PREGUNTA.- ¿Por qué el individuo es incapaz de servir de órgano a la Justicia?

RESPUESTA.- Porque sólo posee en su fondo el sentido de su propia dignidad, el cual es adecuado al libre albedrío, mientras que la Justicia, es necesariamente dua1, y que supone por consiguiente, por lo menos, dos conciencias al unísono: de suerte que la dignidad del sujeto aparece sólo como primer término de la Justicia, y no es respetable para el mismo hasta tanto que no interesa a la dignidad de los demás. Es por medio del matrimonio que el hombre aprende a sentirse doble: su educación social y su elevación en la Justicia sólo serán el desenvolvimiento de ese dualismo.
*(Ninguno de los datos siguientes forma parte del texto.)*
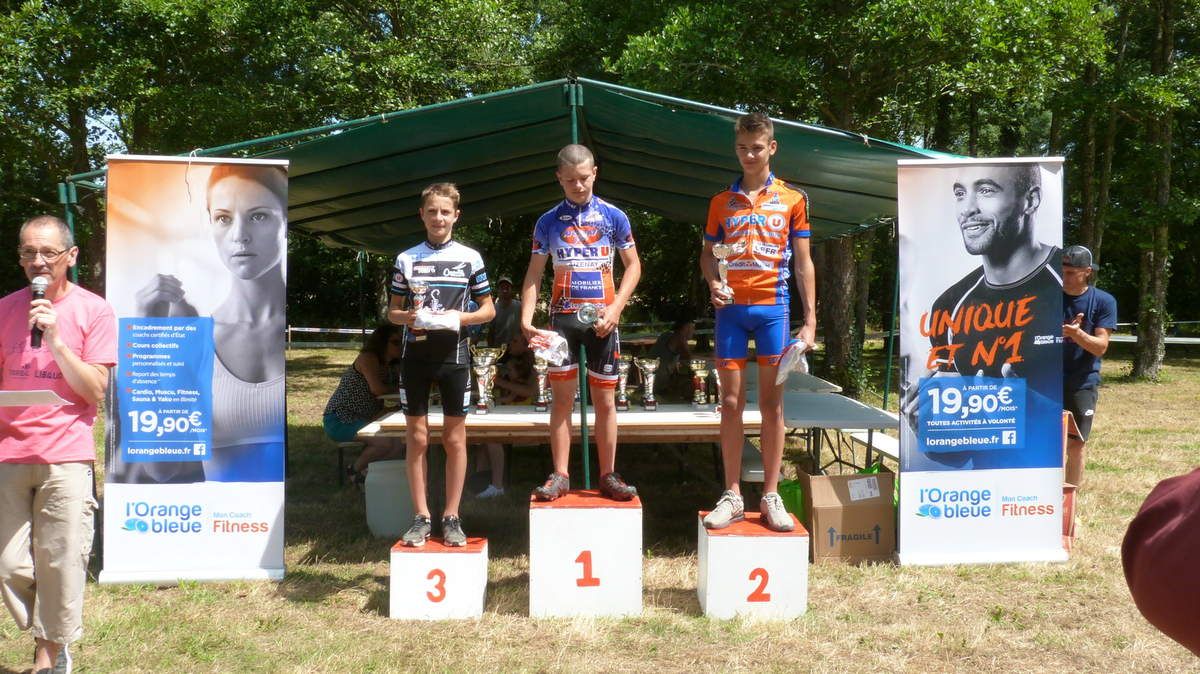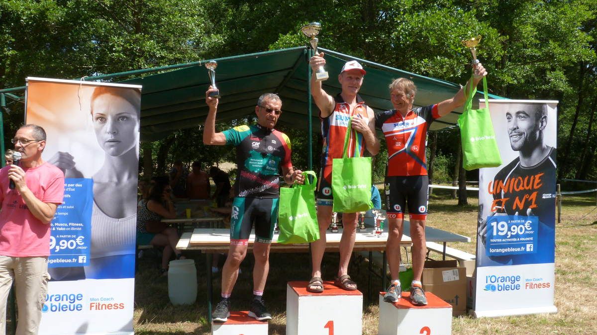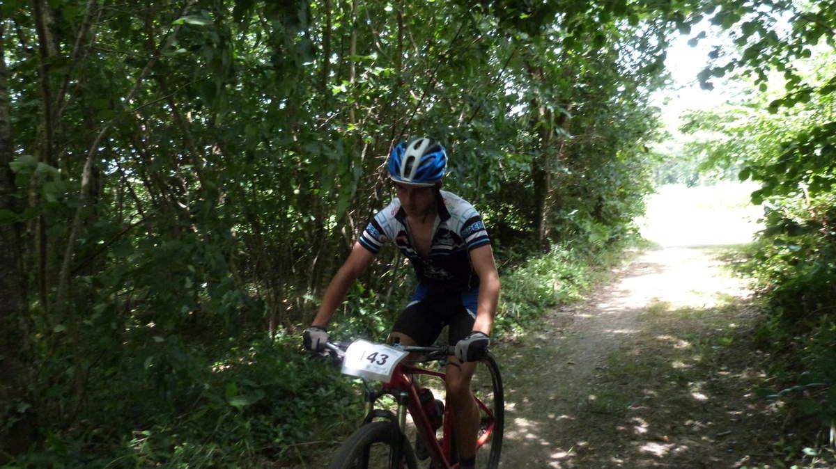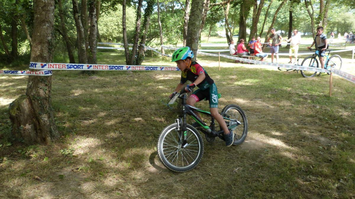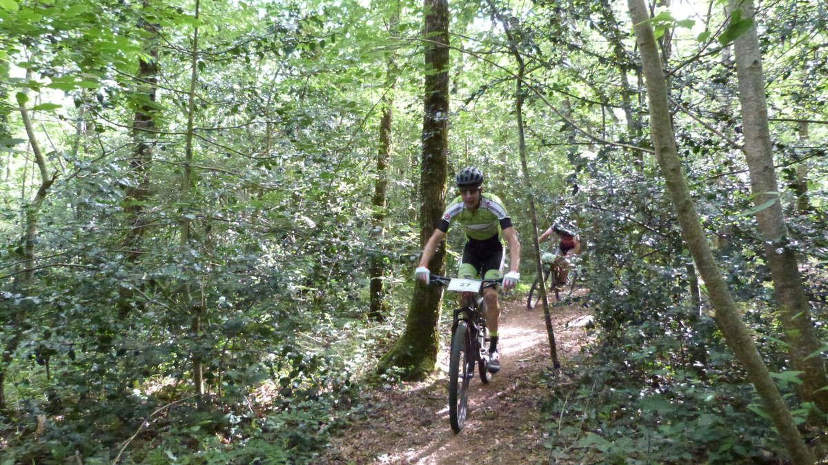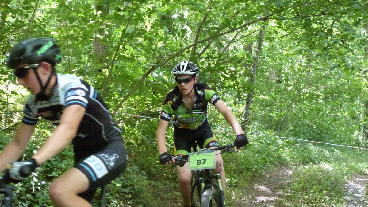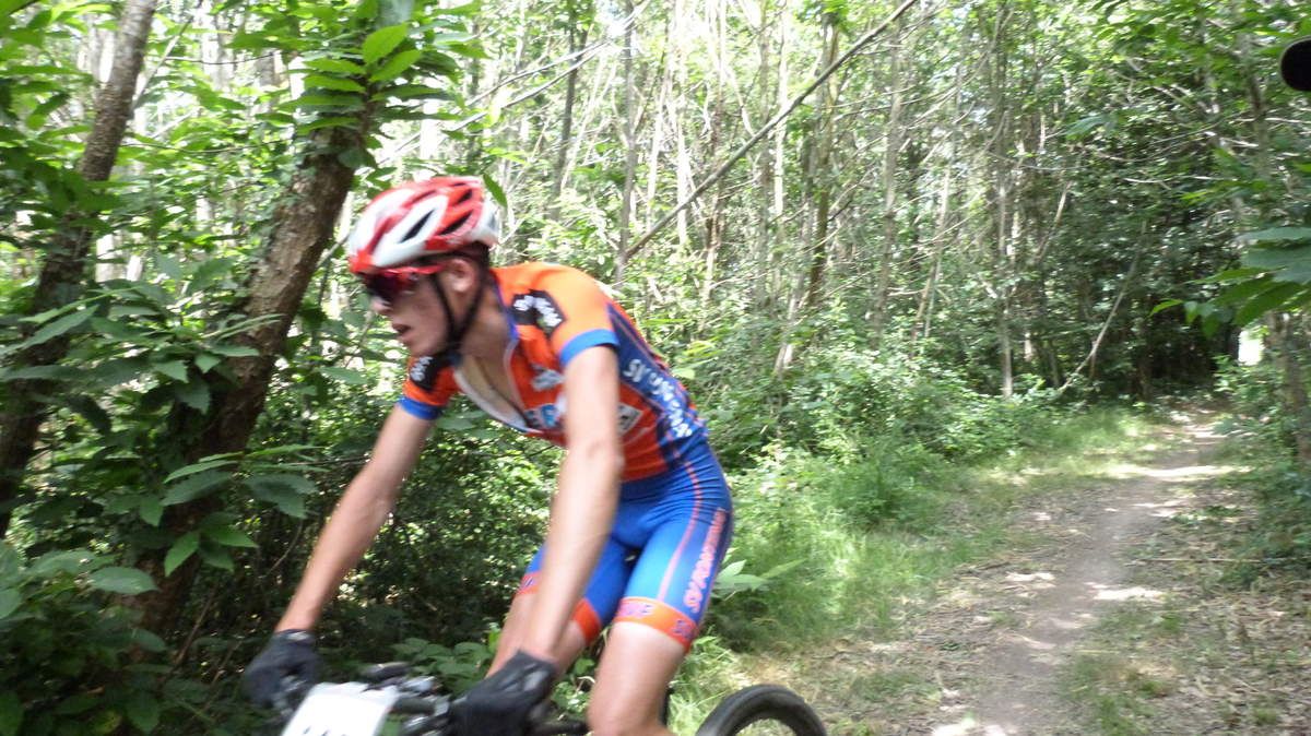 L'avant dernière manche du championnat de Vendée de Vtt Xc Ufolep s'est déroulée ce Dimanche 24 juin sur les côteaux de la Vie à St Maixent. C'est sur ce circuit alliant monotraces pentues en sous bois et larges chemins plats le long de la Vie qu'Anthony RICHARD, leader des Seniors du VCO a décidé de distancer ses plus proches concurrents au général. Il porte 2 attaques au 3è et 5è tours qui portent leurs fruits et lui assurent une 3è place. Laurent DAUTEL déterminé sur cette avant-dernière manche prend la 2è place du podium en vétéran B. Jean Louis VALLEE et Steve PLAIRE accèdent à la 3è marche du podium dans leur catégories respectives. En benjamin, Nolane PLAIRE se maintient à la 2è place et Charles Antoine TRIPON à nouveau 4è sur cette manche. Pour le tandem mixte Gilles POUCLET&Véronique DUBOIS c'est une 4è place, moyeu de roue arrière cassé. François FOURNIER 4è Vc - Gaëtan DURAND 7è Sb, Gildas POUVREAU 8è Va, Maxence GUILLEMONT GUERIN 12è minimes.

PREGUNTA.- ¿Por qué, en el organismo jurídico, las dos personas son distintas?

RESPUESTA.- Porque si fuesen iguales no se completarían una con otra; serían dos todos independientes, sin acción recíproca, incapaces, por esa razón, de producir la Justicia.

PREGUNTA.- ¿En qué se diferencian uno de otro el hombre y la mujer?

RESPUESTA.- En principio, no hay otra diferencia entre el hombre y la mujer que una simple disminución de energía en sus facultades. El hombre es más fuerte, la mujer es más débil. Esto es todo. De hecho, esa disminución de energía crea para la mujer, en lo moral y en lo físico, una distinción cualitativa, que hace que se pueda dar de uno y otro esta definición: El hombre representa la potencia de lo que la mujer representa el ideal, y, recíprocamente, la mujer representa el ideal de lo que el hombre representa la potencia. Ante lo absoluto, el hombre y la mujer son dos personas equivalentes, porque la fuerza y la belleza de que son encarnación, son cualidades equivalentes.

PREGUNTA.- ¿Qué es el amor?

RESPUESTA.- El amor es el atractivo que sienten invenciblemente uno hacia otro la Fuerza y la Belleza. Su naturaleza no es, por consiguiente, la misma en el hombre y en la mujer. Por lo demás es por el amor que la conciencia de los dos se abre a la Justicia, convirtiéndose el uno para el otro, a la vez, en un testigo, un juez, y un segundo yo.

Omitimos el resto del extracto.